Task to carry out:
Print every record exactly, but leave out the pictures.

Input:
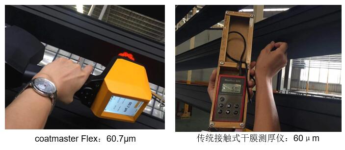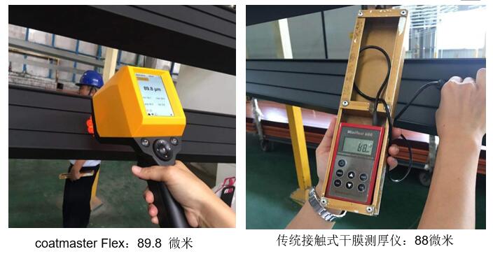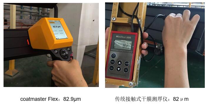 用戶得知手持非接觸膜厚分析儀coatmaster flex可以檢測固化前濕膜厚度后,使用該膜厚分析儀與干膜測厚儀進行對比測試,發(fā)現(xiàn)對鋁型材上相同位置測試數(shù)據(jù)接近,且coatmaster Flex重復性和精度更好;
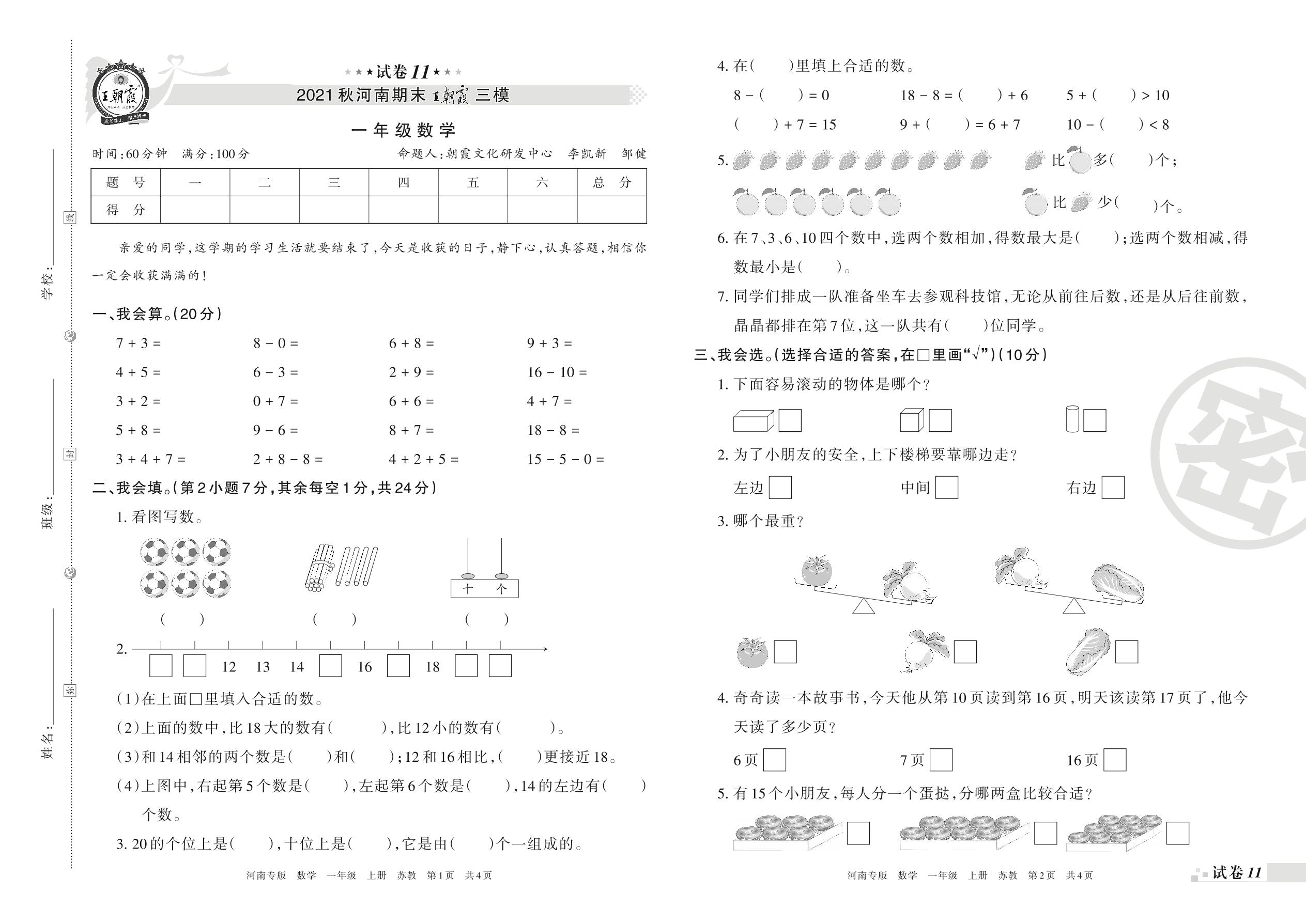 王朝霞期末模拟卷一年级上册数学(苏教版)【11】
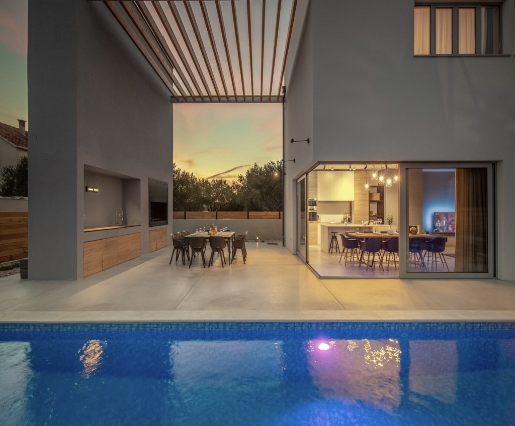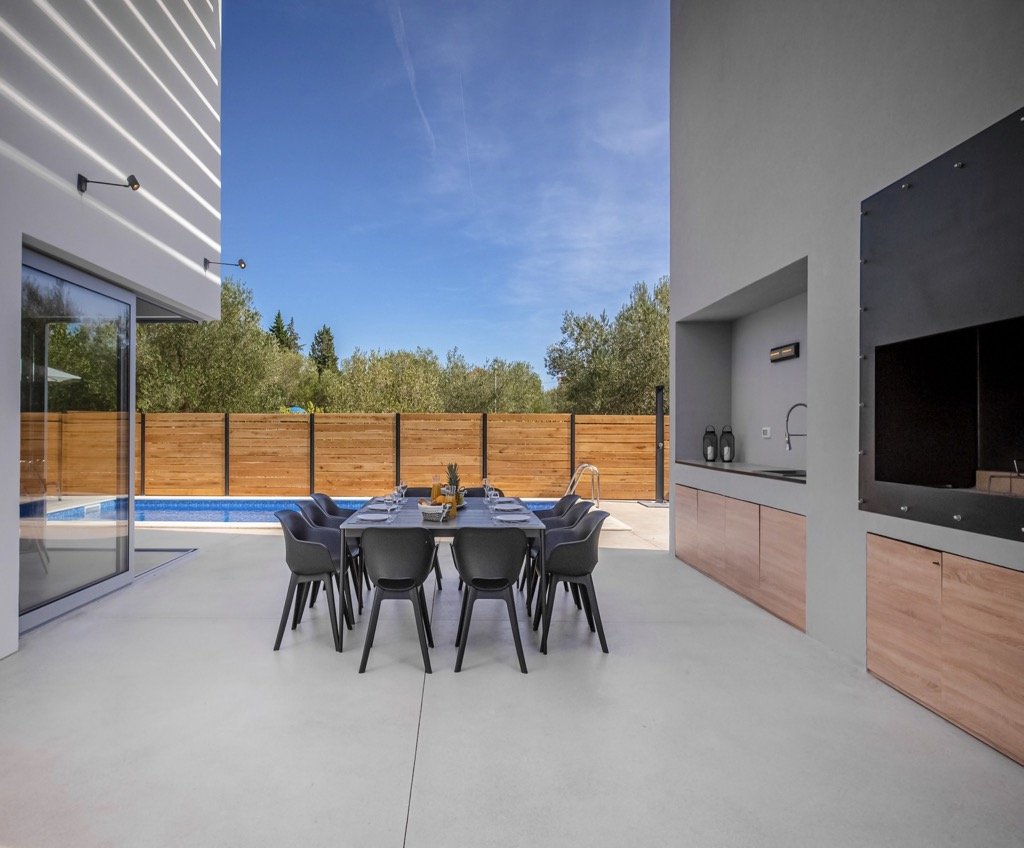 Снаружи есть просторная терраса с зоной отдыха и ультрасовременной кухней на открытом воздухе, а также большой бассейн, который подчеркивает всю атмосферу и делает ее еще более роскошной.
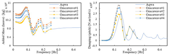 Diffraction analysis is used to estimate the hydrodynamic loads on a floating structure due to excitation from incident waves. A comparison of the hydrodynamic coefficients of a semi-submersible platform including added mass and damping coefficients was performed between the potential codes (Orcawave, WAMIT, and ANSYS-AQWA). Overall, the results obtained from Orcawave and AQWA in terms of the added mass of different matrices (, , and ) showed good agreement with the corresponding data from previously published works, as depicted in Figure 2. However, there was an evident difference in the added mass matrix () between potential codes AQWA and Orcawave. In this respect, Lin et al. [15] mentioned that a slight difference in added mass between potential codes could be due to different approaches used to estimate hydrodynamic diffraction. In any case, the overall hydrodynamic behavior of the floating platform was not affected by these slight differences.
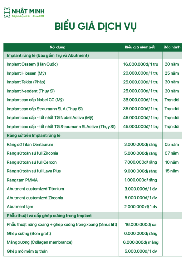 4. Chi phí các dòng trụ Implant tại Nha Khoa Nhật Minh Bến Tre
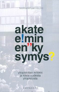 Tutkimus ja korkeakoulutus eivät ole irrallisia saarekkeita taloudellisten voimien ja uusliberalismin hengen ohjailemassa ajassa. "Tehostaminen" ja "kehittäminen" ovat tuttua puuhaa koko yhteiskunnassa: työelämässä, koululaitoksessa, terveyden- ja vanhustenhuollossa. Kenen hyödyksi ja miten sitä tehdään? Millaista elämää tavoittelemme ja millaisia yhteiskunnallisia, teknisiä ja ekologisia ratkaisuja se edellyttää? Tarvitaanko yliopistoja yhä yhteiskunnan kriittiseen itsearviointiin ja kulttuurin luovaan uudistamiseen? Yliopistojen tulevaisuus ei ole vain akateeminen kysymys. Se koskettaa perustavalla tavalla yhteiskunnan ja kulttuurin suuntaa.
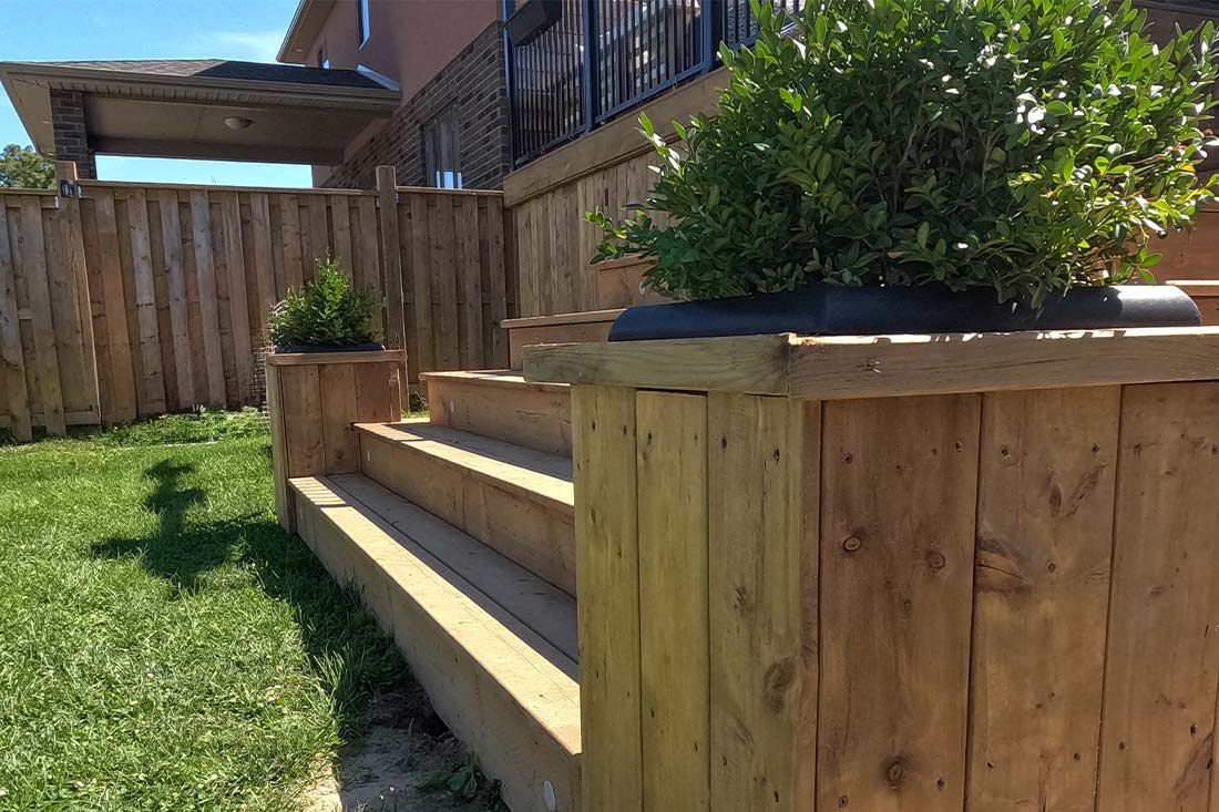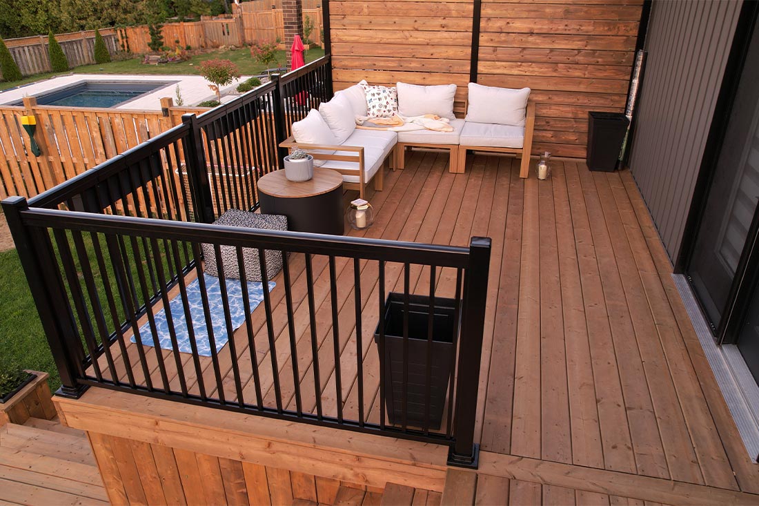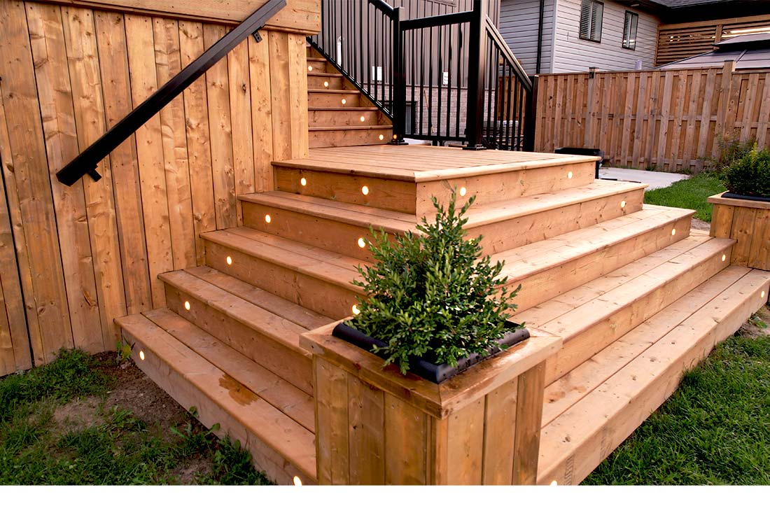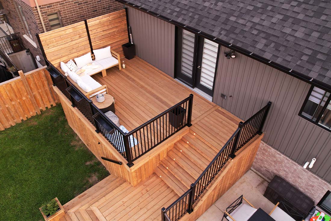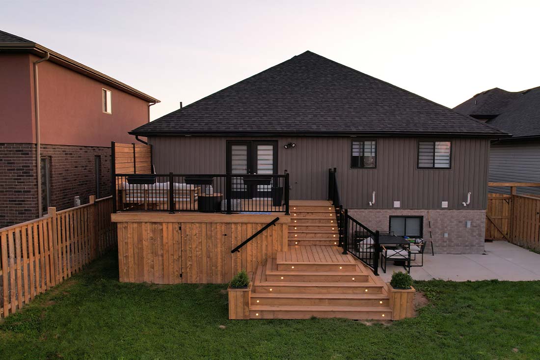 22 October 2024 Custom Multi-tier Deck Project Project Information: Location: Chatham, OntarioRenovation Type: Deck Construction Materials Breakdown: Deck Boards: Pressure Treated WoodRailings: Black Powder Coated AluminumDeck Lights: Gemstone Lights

Answer box:
 用戶得知手持非接觸膜厚分析儀coatmaster flex可以檢測固化前濕膜厚度后,使用該膜厚分析儀與干膜測厚儀進行對比測試,發(fā)現(xiàn)對鋁型材上相同位置測試數(shù)據(jù)接近,且coatmaster Flex重復性和精度更好;
 王朝霞期末模拟卷一年级上册数学(苏教版)【11】
 Снаружи есть просторная терраса с зоной отдыха и ультрасовременной кухней на открытом воздухе, а также большой бассейн, который подчеркивает всю атмосферу и делает ее еще более роскошной.
 Diffraction analysis is used to estimate the hydrodynamic loads on a floating structure due to excitation from incident waves. A comparison of the hydrodynamic coefficients of a semi-submersible platform including added mass and damping coefficients was performed between the potential codes (Orcawave, WAMIT, and ANSYS-AQWA). Overall, the results obtained from Orcawave and AQWA in terms of the added mass of different matrices (, , and ) showed good agreement with the corresponding data from previously published works, as depicted in Figure 2. However, there was an evident difference in the added mass matrix () between potential codes AQWA and Orcawave. In this respect, Lin et al. [15] mentioned that a slight difference in added mass between potential codes could be due to different approaches used to estimate hydrodynamic diffraction. In any case, the overall hydrodynamic behavior of the floating platform was not affected by these slight differences.
 4. Chi phí các dòng trụ Implant tại Nha Khoa Nhật Minh Bến Tre
 Tutkimus ja korkeakoulutus eivät ole irrallisia saarekkeita taloudellisten voimien ja uusliberalismin hengen ohjailemassa ajassa. "Tehostaminen" ja "kehittäminen" ovat tuttua puuhaa koko yhteiskunnassa: työelämässä, koululaitoksessa, terveyden- ja vanhustenhuollossa. Kenen hyödyksi ja miten sitä tehdään? Millaista elämää tavoittelemme ja millaisia yhteiskunnallisia, teknisiä ja ekologisia ratkaisuja se edellyttää? Tarvitaanko yliopistoja yhä yhteiskunnan kriittiseen itsearviointiin ja kulttuurin luovaan uudistamiseen? Yliopistojen tulevaisuus ei ole vain akateeminen kysymys. Se koskettaa perustavalla tavalla yhteiskunnan ja kulttuurin suuntaa.
 22 October 2024 Custom Multi-tier Deck Project Project Information: Location: Chatham, OntarioRenovation Type: Deck Construction Materials Breakdown: Deck Boards: Pressure Treated WoodRailings: Black Powder Coated AluminumDeck Lights: Gemstone Lights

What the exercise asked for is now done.